In assessing the adequacy of health care professional supply, it is important not just to count the number of workers, but to examine how these workers are deployed. The quest for effective deployment of the workforce has been characterized using the following analogy: “Before adding another spoonful of sugar to your tea, first stir up the sugar already in your tea cup.” In other words, does the health system make the most of its existing supply of highly trained health care professionals? The case of the pharmacist workforce highlights this issue. As has been the case for nurses and physicians, concerns have recently been raised about a shortage of pharmacists. One of the factors cited is the steep rise in the prescribing of medications, which may be considered an indicator of the demand for pharmacists. Approximately 3.6 billion prescriptions were dispensed in 2005, 70% more than in 1994 (US Health and Human Services, 2008b). The estimated number of prescriptions filled per pharmacist in retail pharmacies grew from 17,400 in 1992 to 22,900 in 1999 (Bureau of Health Professions, 2000). In response, pharmacies sought to hire more pharmacists, and between 1998 and 2000, the number of unfilled pharmacist positions in chain store pharmacies more than doubled (Bureau of Health Professions, 2000; Cooksey et al, 2002). Partly in response to increased output from pharmacy schools, the percentage of pharmacist employment positions unfilled dropped from 9% to 5% between 2000 and 2004 (US Department of Health and Human Services, 2008b).

Although these trends would suggest a shortage of pharmacists based on a traditional demand model, some observers have questioned whether the existing supply of pharmacists is optimally deployed. Many pharmacists still spend a great deal of time performing the basic “pill counting” tasks of drug dispensing. Should pharmacists continue to perform most dispensing functions, or would their extensive training be better utilized in more clinically challenging activities—especially now that all newly graduated pharmacists in the United States are required to have doctoral-level training? The occupation of pharmacy technician has been developed in the United States to assist pharmacists with drug dispensing (Cooksey et al, 2002). An estimated 69% of pharmacists’ time is spent on activities that properly trained technicians could perform—counting, packaging, and labeling prescriptions, and resolving third-party insurance issues. Greater use of properly supervised pharmacy technicians might increase the productivity of the existing pharmacists. In addition, innovations in automation of pill dispensing could reduce pharmacist workload. Delegating more tasks to pharmacy assistants and automated systems would allow pharmacists to optimize their clinical training and skills for patient counseling about medications, collaborating on patient safety programs to reduce the epidemic of medication errors, monitoring drug use for chronic disease management programs, and participating in multidisciplinary clinical teams in both hospitals and ambulatory settings. These same types of concerns have been raised about whether other health care professionals are being deployed with maximum efficiency and productivity and working at their highest level of skill. For example, new models of primary care are emphasizing that many preventive and chronic care tasks traditionally performed by physicians could be delegated to medical assistants and assisted by electronic technologies (Bodenheimer and Grumbach, 2007), allowing more productive use of the work effort of primary care clinicians.
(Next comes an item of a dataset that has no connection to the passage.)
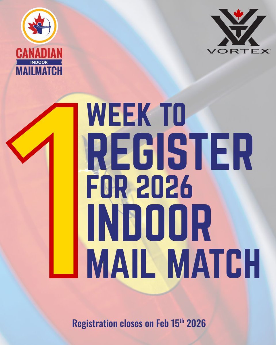 RT @ArcheryCanada: ⏰ One week left to register for the 2026 Indoor Mail Match https://t.co/C8c6Krpns2 // ⏰ Il ne reste plus qu'une semaine…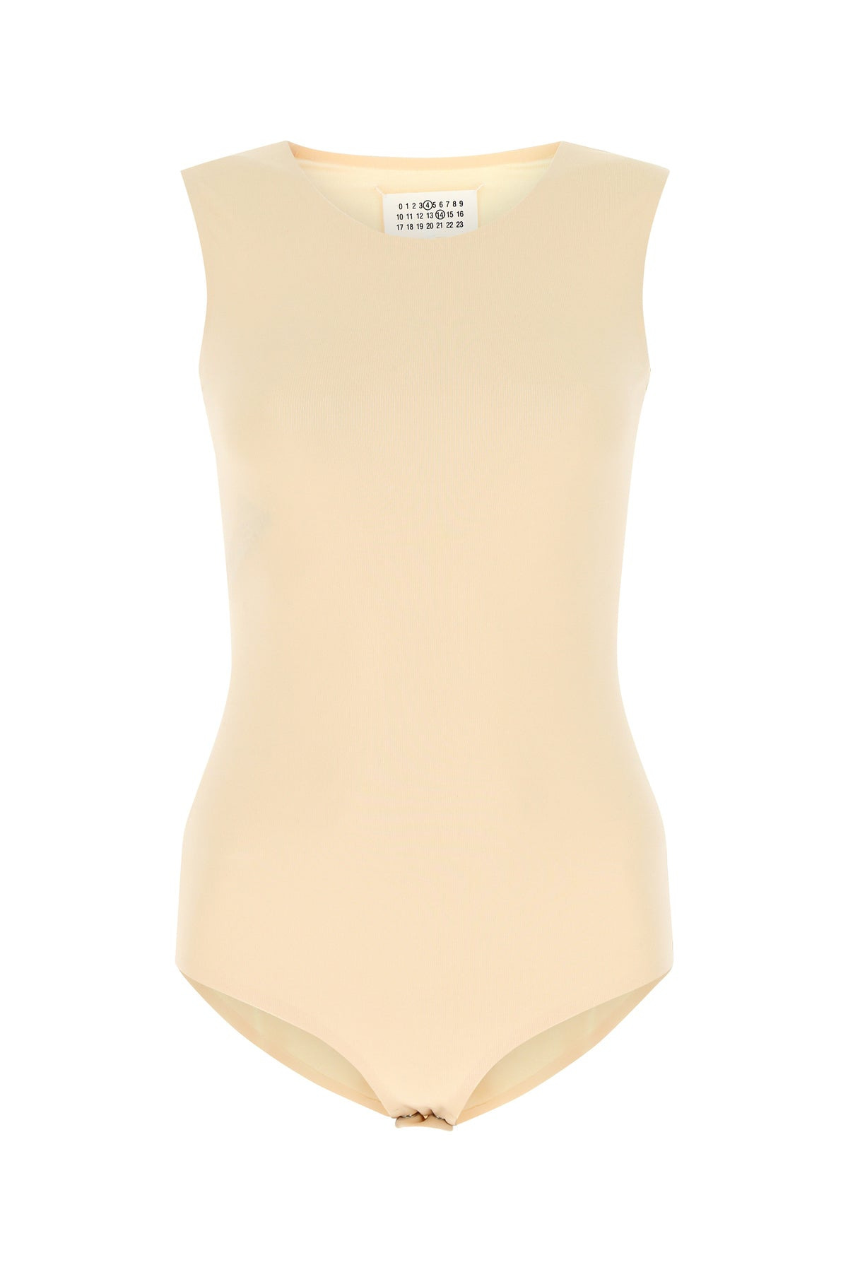 Bodysuit realized in stretch viscose characterized by contrasting stitchings at the back. - Round neckline - Sleeveless - Concealed snap buttons closure on the hemline DETAILS Exterior: 96% Viscose 4% Elastane Made In Italy Sample size: 38

WOMEN IN THE HEALTH PROFESSIONS

Dr. Jenny Wong works as a general internist for the Suburbia Medical Group. She never has to check her schedule in advance, because she knows that every appointment is always booked, not to mention the last minute add-ons. As one of only two women in a group of eleven primary care physicians, she is in demand. In particular, female patients in the practice have sought her out to become their primary care physician. While gratified to be responding to this demand, Dr. Wong also finds it a bit daunting. She senses that her patients expect her to spend more time with them to explain diagnoses and treatments and discuss their overall well-being. But Dr. Wong has the same 15-minute appointment times as every other physician in the practice and continually finds herself falling behind in her schedule. Today Dr. Wong is feeling especially stressed. She is scheduled to meet at lunchtime with the director of Suburbia Medical Group to discuss plans for her impending maternity leave. She knows he will not take kindly to her intention of taking 4 months off after the birth of her child.
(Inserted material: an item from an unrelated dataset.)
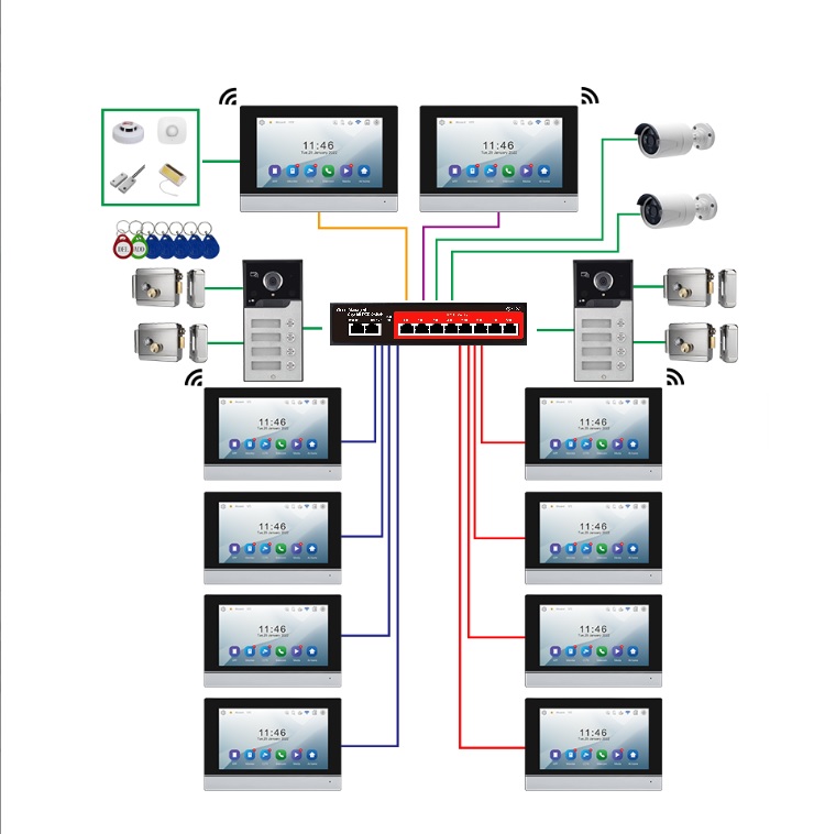 V případě využítí více zařízení se využívá PoE Switch (níže v doporučeném zboží), kdy PoE switch zapojíte do zásuvky 230V a následně všechny komponenty (další monitor, další video zvonek či kamery) připojíte do PoE switche (data i napájení jedním UTP kabelem). Pro vzdálenou správu pomocí mobilní aplikace připojíte monitor (vnitřní jednotky) pomocí WiFi nebo připojte PoE switch kabelově k routeru. (ve fotogalerii schéma zapojení)

Historically, most physicians and pharmacists in the United States have been men, and most nurses women. For physicians and pharmacists, this demographic pattern is in the midst of a dramatic change. In 1970, 13% of pharmacists were women, but by 2010, more than half of pharmacists were women. The proportion of women among physicians increased from 8% in 1970 to more than 30% in 2010 (Figure 7–4). The figures are even more dramatic when examining the makeup of current students in training: women constituted 47% of medical students and 61% of pharmacy students in 2010. In contrast, nursing has long been a profession mainly comprising women, and this is changing very slowly. In 2008, only 10% of registered nurses were men, up slightly from 5% in 1996.

Image

Figure 7–4. Women as a percentage of physicians, nurses, and pharmacists in the United States. (US Department of Health and Human Services. The Physician Workforce: Projections and Research into Current Issues Affecting Supply and Demand. Health Resources and Services Administration, Bureau of Health Professions, 2008a. US Department of Health and Human Services. The Adequacy of Pharmacist Supply, 2004–2030. Health Resources and Services Administration, Bureau of Health Professions, 2008b. US Department of Health and Human Services. The Registered Nurse Population. Findings from the 2008 National Sample Survey of Registered Nurses. Health Resources and Services Administration, Bureau of Health Professions, 2010.)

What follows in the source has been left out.